We talked about schools, but being Sunday the school was shut and also it was a few kilometres away. We also talked about the village and the need for another bore hole for fresh water, and a bit of a tale of woe and hard sell for money. Before long, once all questions had been exhausted it was time to return to the boat and a second breakfast of scrambled egg and sausage. Having just heard how without a bore hole the locals were drinking the polluted river water and becoming ill, I was a bit perturbed that the kettle for our coffee was filled up from the river!
With its one engine, the Kafue Queen slowly pootled back to where our new truck, Sabie, stayed overnight. Once our tents and bags were packed away in the truck we set off for Lusaka the capital of Zambia. We stopped at a shopping mall which was nothing like the shops we have been used to over the last month, it was almost westernised. Even one of Acacia’s employees who now lives in Arusha said how much better it was than anything she had at home. Whilst Duncan, our guide bought masses of food at the big supermarket to last is all for the next few days, we paid the coffee shop a visit as rumour had it there was Wi-Fi and coffee! Well there was Wi-Fi but they had run out of vouchers to sell us to access it – how African.
All too soon it was time to move onto our next campsite, a working farm just outside Lusaka. Much to our surprise as we drove along the drive we passed zebras and giraffes, which we certainly were not expecting. The campsite was though shut gates but the fencing was not very substantial, and the gates were left open after we arrived so the animals seemed to be free to wander around in the day. As they are wild animals they did not get close to us to be any bother, just like the ones at Zambezi Sun in Livingstone.
Today we settle I the routine of camp and the duty roster was put into place. As Dave was in the packing/unpacking team he was put to work straight away. I am in the truck cleaning team which is done at the end of the day. This left me to battle with the tent, which luckily is straightforward but by the time I found a level site Dave was done with unpacking and able to help. The other “jobs” are cooking, washing up and best of all a day off, so we are divided into five groups of three or four campers. I had expected we would be shopping at local markets and deciding what to cook, but Duncan has it all under control and we just have to do as instructed. Not too onerous at all, and as they say, many hands make light work.

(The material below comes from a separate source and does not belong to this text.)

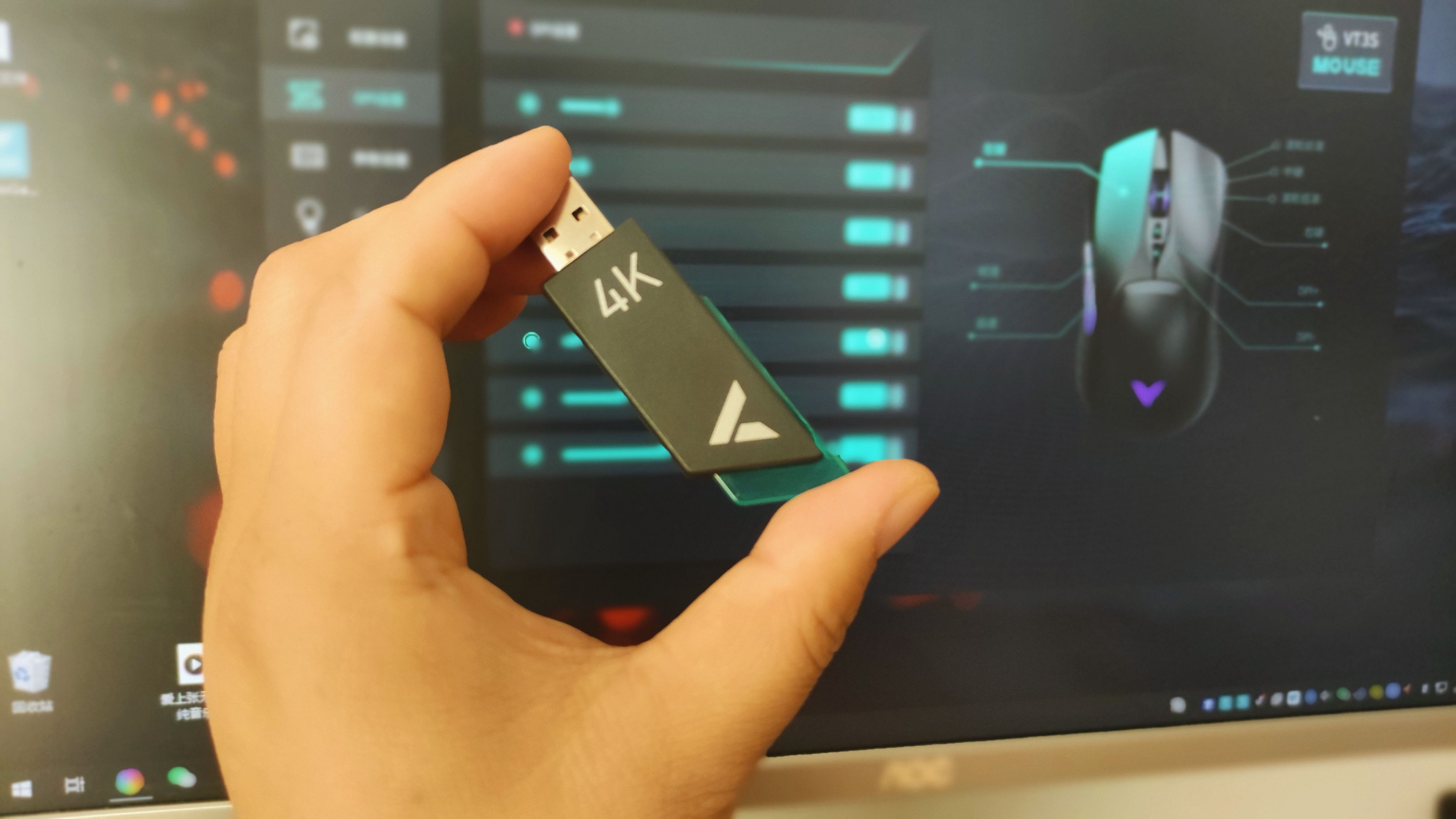 这里我们可以看到在一般的出厂设定,雷柏VT3S的USB报告率有四档:125HZ、250HZ、500HZ和1000HZ。想要拥有更高的DPI体验,可以购买雷柏V2M无线4K接收器,在使用之前要先把驱动、鼠标固件和接收器版本都更新至最新,然后插上后增加了2000HZ和4000HZ两个档位,可供你体验不一样的游戏世界观感。

Chores done, Dave and I set off for a walk and it was good to stretch our legs as we have been quite sedentary recently. We had hardly set off chatting away when I stopped mid-sentence as there were three giraffes close by in the trees. They had sensed us straight away and sauntered further into the trees and undergrowth. We did manage to track a bit closer but the thick undergrowth made photos difficult, can you spot the giraffe?
After supper we all sat around the fire chatting and keeping warm but soon started heading to our tents for an early night ready for another early start tomorrow. It is back to basic living for us whilst getting to see the locals and their basic lifestyle, which I expect will get get more basic as we head north. One thing seems to be the same the world over, that is the spread of the mobile phone which is a basic commodity of the locals and no shortage of people selling airtime vouchers. What was this country like before the advent of mobile phones?